Three months later, Schwimmer sailed back to Europe and spoke at the International Congress of Women, convened by the talented Dutch feminist Dr. Aletta Jacobs. Although the Congress was to have met in Berlin, the German faction—realizing that women from enemy nations would be excluded—settled for The Hague instead. As it was, most of the British women who had hoped to attend were denied passports by the British government, which also declared Schwimmer an enemy alien, so that she could not return. The conference participants passed resolutions urging an end to the fighting, immediate peace talks, the right of all peoples to self-government, and equal rights for women—some of which would show up again in 1918 among Woodrow Wilson's "Fourteen Points." Schwimmer wanted members of the conference to take the resolution personally to heads of government in the belligerent and neutral nations, and made a passionate floor speech to promote the idea of personal missions: "When our sons are killed by millions, let us, mothers, only try to do good by going to the kings and emperors, without any other danger than a refusal!" Though many had misgivings about the value of these excursions, the delegates voted in favor, and Schwimmer was asked to lead a group of representatives to Denmark, Norway, Sweden, Russia, and the Netherlands. The government officials they met were polite but noncommittal, and the women's actions generated a disappointingly small amount of discussion and publicity.

Back in America in mid-1915, Schwimmer, always eager for prompt and dramatic action, learned that the automobile magnate, Henry Ford, was devoting himself to peacemaking. An American woman named Rebecca Shelly, who was convinced that God was directing her to make peace, arranged a massive antiwar demonstration in Detroit to draw Ford's attention when he refused to meet her in person. Schwimmer spoke to the meeting and won an audience with Ford on November 18, explaining to him her plan for a mediated peace. Louis Lochner, head of the National Peace Federation, joined them the next day, and together they persuaded Ford of the plan's viability. Ford in turn approached President Wilson and asked him to establish an official neutral commission which he, Ford, would finance. Wilson politely declined.

The Women's Peace Party tried to increase the pressure on Wilson by holding a large demonstration in Washington, D.C., on November 26 with Schwimmer as keynote speaker. Unfortunately, when Henry Ford followed her to the podium after another of her rousing speeches, he claimed that he would find a way to "get the boys out of the trenches by Christmas," then only a month away. This assertion was bound to be refuted by the facts and helped undermine rather than strengthen the movement. Ford also financed a ship, the Oscar II, to take peace delegates to a second European conference the following week. Schwimmer, now marked by the press as Ford's "expert assistant," was making a poor impression on many of the leading American pacifists, who considered her hotheaded and thoughtless. Her calls for immediate peace negotiations seemed not to be backed by consideration of the political complexities of the issue, and some WPP women, concluding that she was hurting rather than helping their cause, declined to join the peace ship.

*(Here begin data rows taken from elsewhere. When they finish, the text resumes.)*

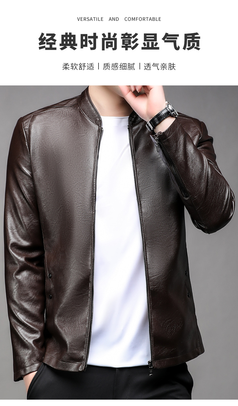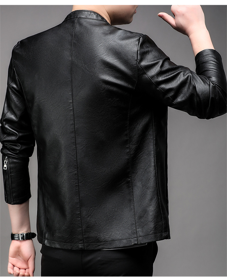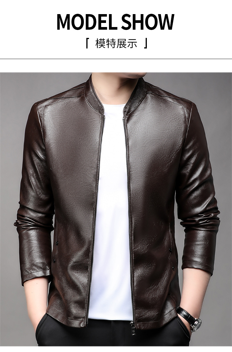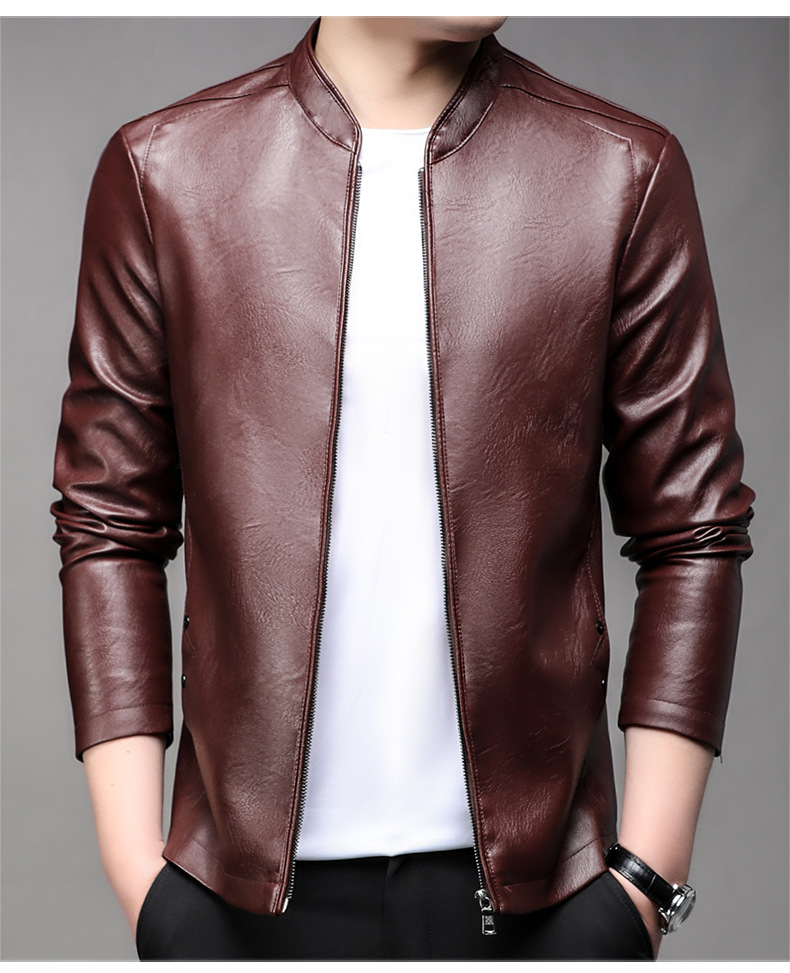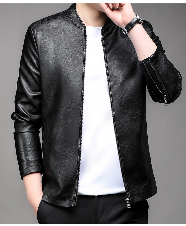 아마존 남성 도매 가죽 자켓 남성 홍콩 스타일 슬림 스탠드 칼라 남성 PU 재킷 트렌디 브랜드 젊은 남성 가죽 자켓스토어 가기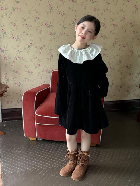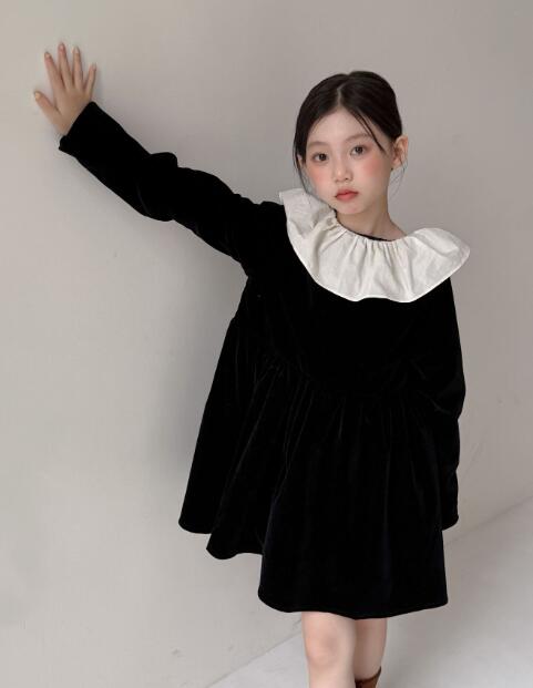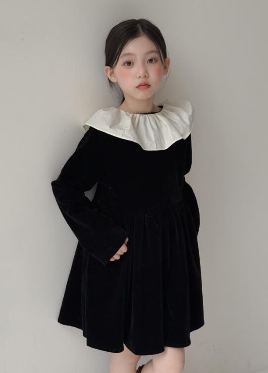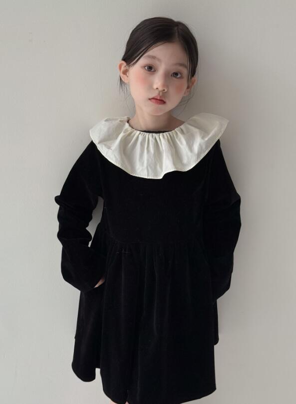 上品な白い襟がアクセントの黒いロングワンピースです。 キッズの特別な日にぴったりな、クラシカルで可愛らしいデザイン。 長袖で季節を問わず着用でき、100センチから160センチまで豊富なサイズ展開で成長に合わせてお選びいただけます。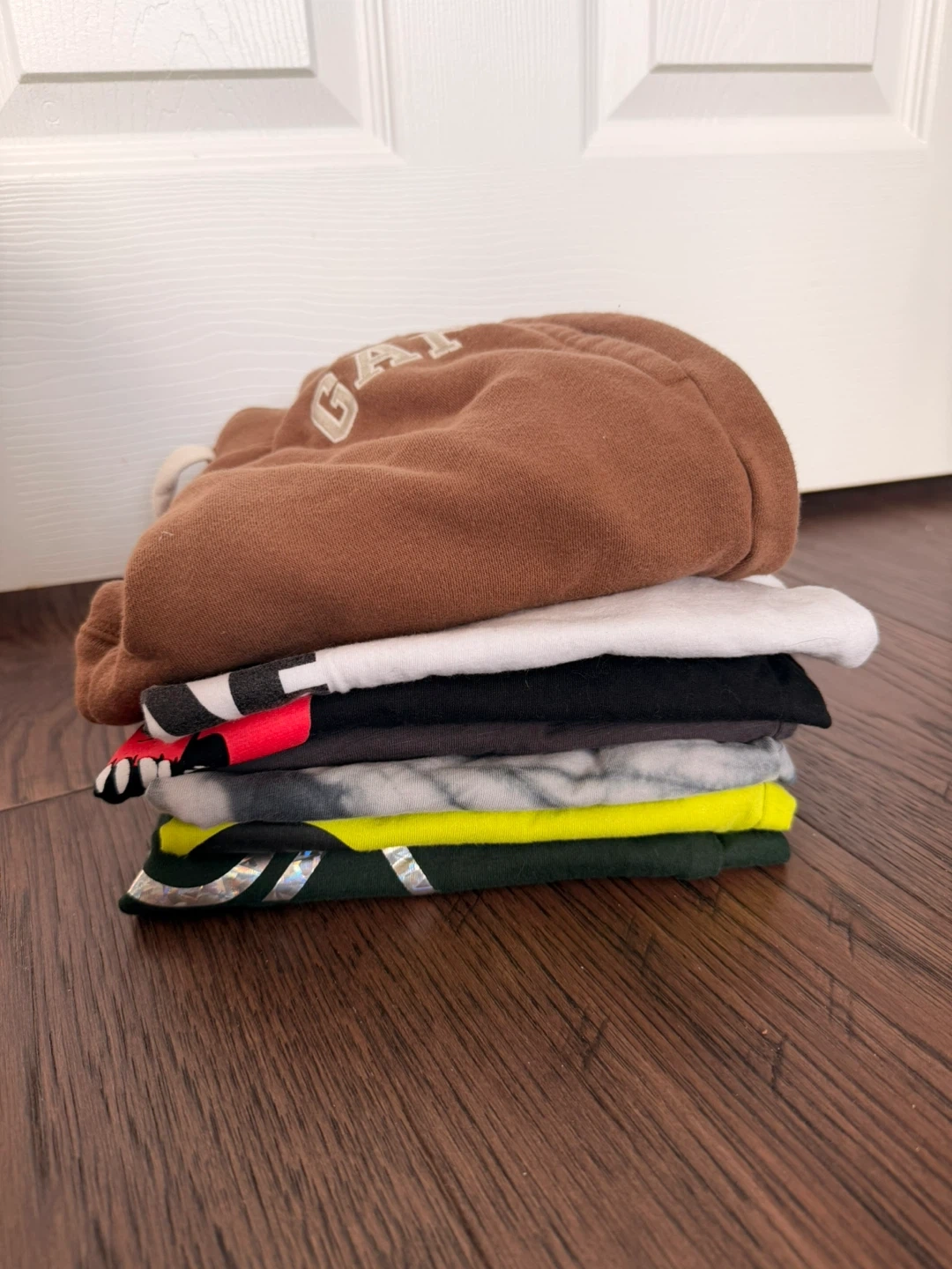 One pair of boys L size Gap joggers and 6 shirts (sizes from 7-12).

The voyage of the Oscar II received much adverse publicity, and many of the journalists traveling on it (there were almost as many newspapermen as delegates) treated the whole venture as a joke. Fear of being torpedoed by a German submarine, overcrowding, and a rough winter sea led to constant animosities among the passengers. Schwimmer, whose behavior historian Barbara Steinson describes as "secretive and authoritarian," asserted that she had a bagful of documents proving that the warring powers were ready to negotiate, but when she showed them to eager passengers they turned out to be no more than the vague promises her earlier mission had elicited. She declared that Ford had promised the International Committee $200,000, but no money was forthcoming.

Tiring of the venture in Christiana, Sweden, when it yielded no quick results, Ford soon slipped away, while Schwimmer and Lochner carried on with the project, setting up a Neutral Conference for Continuous Mediation in Stockholm. Finally the two of them fell out and Schwimmer resigned in protest from the Conference, pursued by malicious rumors that she was actually an agent being paid by the Central Powers (for which Hungary was fighting) to bring the peace process into disrepute. Almost at once she collapsed with a serious heart condition and had to take an unaccustomed three-month break from work. She spent the rest of the war in Stockholm, depressed at the mounting casualties and the seeming futility of all the peace efforts to date, but returned to Hungary in November 1918.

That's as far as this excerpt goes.